China is beginning to have a visible impact on American culture, and it’s something that we should be thinking about. Over the past three weeks we have seen three incidents of U.S. companies being threatened or banned from China. In two of those scenarios, the companies quickly caved to Chinese demands. 

Two weeks ago, it was coercion of the NBA when Daryl Morey, General Manager of the Houston Rockets, had posted a Tweet supporting Hong Kong. 

Last week China caused a major shakeup in the Hearthstone online gaming community. Ng (ing) Wai Chung, aka Blitzchung, pulled off his Hong Kong-protester-style mask and said, “Liberate Hong Kong, revolution of our age!” during an interview on Hearthstone Taiwan’s official channel. Hearthstone owner Blizzard Entertainment responded by stripping the player of his status and financial winnings [1].

South Park was also a casualty when their series was banned and scrubbed from the internet in China due to an episode titled “Band in China.” Creators Trey Stone and Matt Parker responded with mock-apology and a follow-up episode that further challenged Chinese censorship.

These instances are a few of many. China has demanded U.S. airlines remove any references to Taiwan, Hong Kong, and Macau as countries independent from China [2]. They forced the CEO of Marriott Hotels to repeat the Communist Party of China’s talking points [3], made Apple censor the Taiwanese flag from its keyboard for users in Hong Kong and Macau [4], and have been working with Google to develop a censored search engine for China [5].  The list of companies that have bowed to China’s demands is long

China’s uncompromising policy forces companies to agree to protect their investments. We can imagine the intensity and frequency of their demands will increase as the Hong Kong protests continue. Every corporate submission weakens people demanding a participatory government. 

It’s another instance of corporations valuing profits over people. But the impacts of bowing to China go beyond business, it’s an encroachment on our consciousness. It also calls into question if we’re viewing this trend with appropriate foresight. 

Corporate Consciousness 

It’s no secret that China is the rising economic power of the world, and U.S. corporations want to capitalize on their emerging markets. But what is and is not acceptable for corporations in an age of global cultural instability? 

China’s practice of censorship is intrusive and all-encompassing. Citizens cannot criticize the government and operate under social credit scores determining rewards or punishments, the structure of which they had no say in. Dissidents have been abducted, never to be seen again. China also harvests the organs of its prison population without consent [6].  

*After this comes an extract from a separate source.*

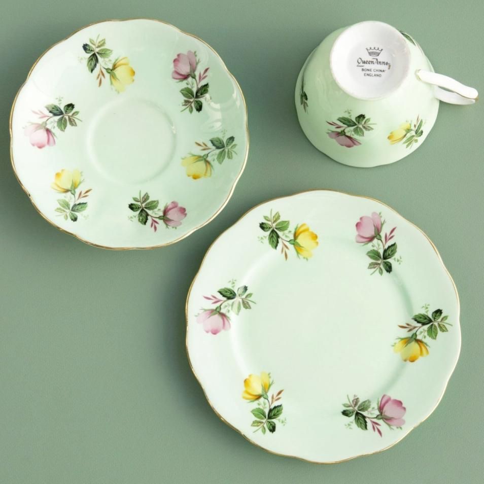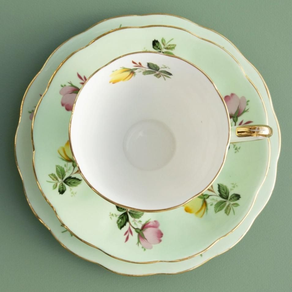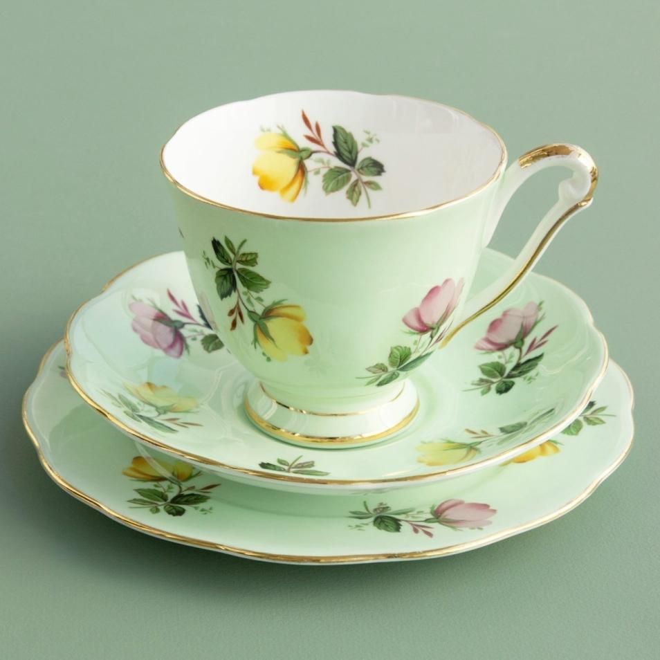 カップ&ソーサー&プレートトリオ(グリーンローズ)
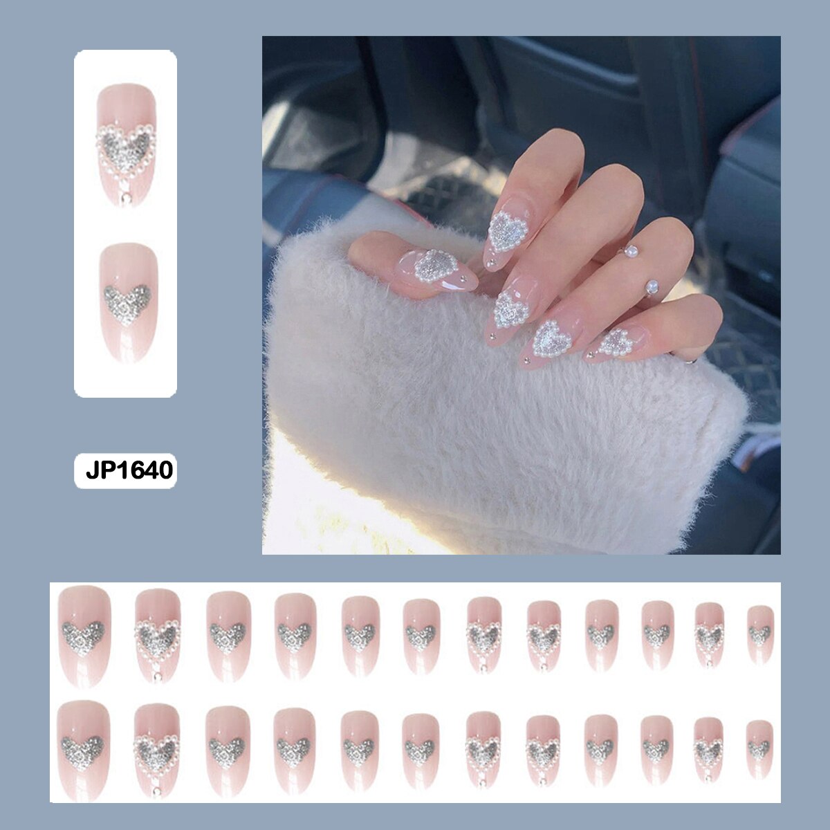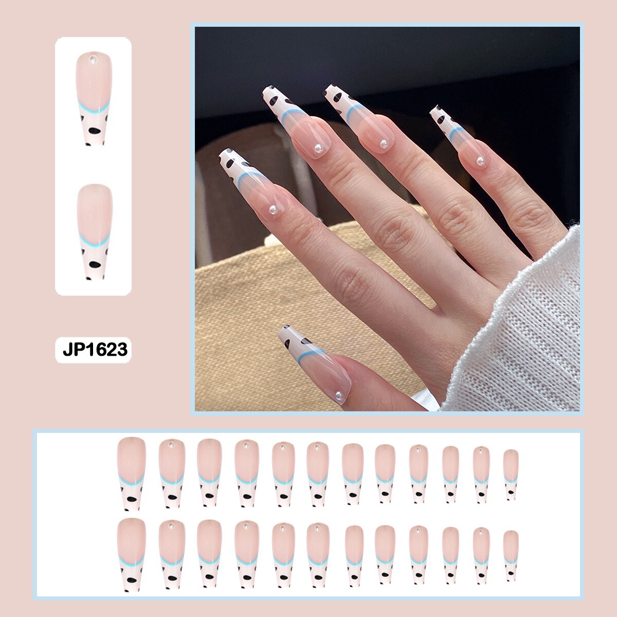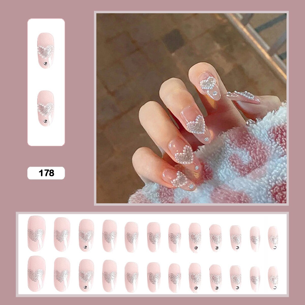 Fairy nail art Pearl decoration Wearable False Nails with glue 24pcs per box with wear tools-Nail Inspo

China also provides a more robust suite of social protections than we do here in the United States. The government ensures healthcare, retirement pensions, housing, and education for its citizens. A guided economy translates into less economic instability, meaning more consistent employment for more people. Innovation is rewarded, but always under the confines of obedience to the state. 

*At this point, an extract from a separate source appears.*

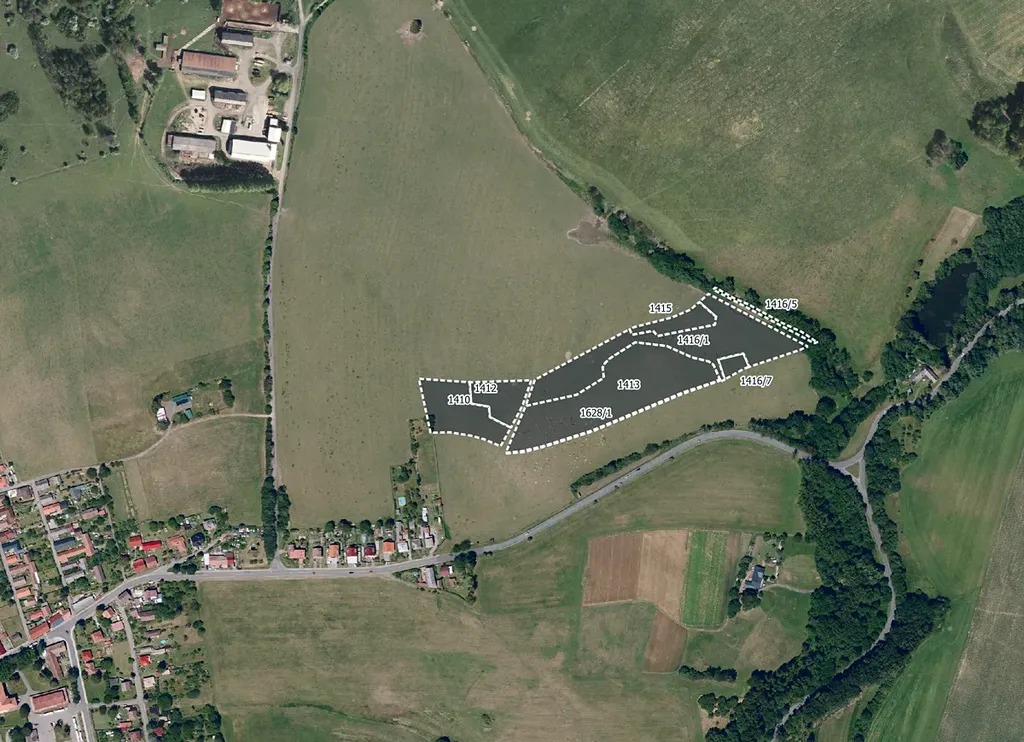 Předmětem prodeje jsou tyto parcely: 999, 1410, 1412, 1413, 1415, 1416/1, 1416/5, 1416/7 a 1628/1.
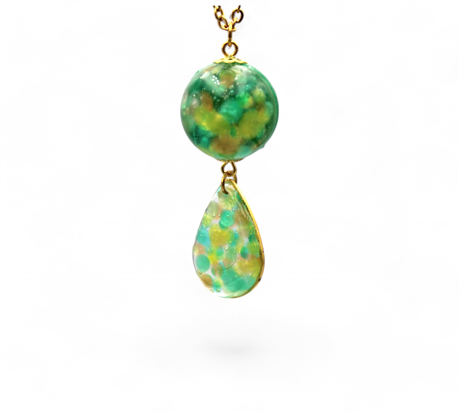 Pendentif en spherique de 2 cm de diamètre en bulles de résine dans les tons verts et orangés

The quality of material life would increase for many Americans under these expanded social protections. Progressives across the United States fight for some of these policies daily in our universe. But these protections are no substitution for the limitation of our transformative potential. As China’s economic influence continues to expand, so will their demands for conformity to their worldview.

Companies have no legal obligation to promote American virtues. Profitability matters. The rest is ancillary. It’s a long-accepted truth in corporate America, but one that is now contributing to the erosion of freedoms. Ignoring the issue any longer is a choice to move towards that direction.

Here we encounter a paradox—corporations thrive in the United States because there is comparatively little oversight for how they excel. Now their growth models contribute to the expansion of authoritarian culture. Our economics conflict with our ethics. If we believe that the global spread of China’s authoritarian culture is a threat, why do we allow American companies to be complicit?  

Culture is a sort of measurable consciousness. Its impact on each of us varies, but it’s there nonetheless. It shapes our ways of thinking, acting, and being. Regional culture distributions ensure that your global birth lottery determines more of your destiny than any amount of work ever could. 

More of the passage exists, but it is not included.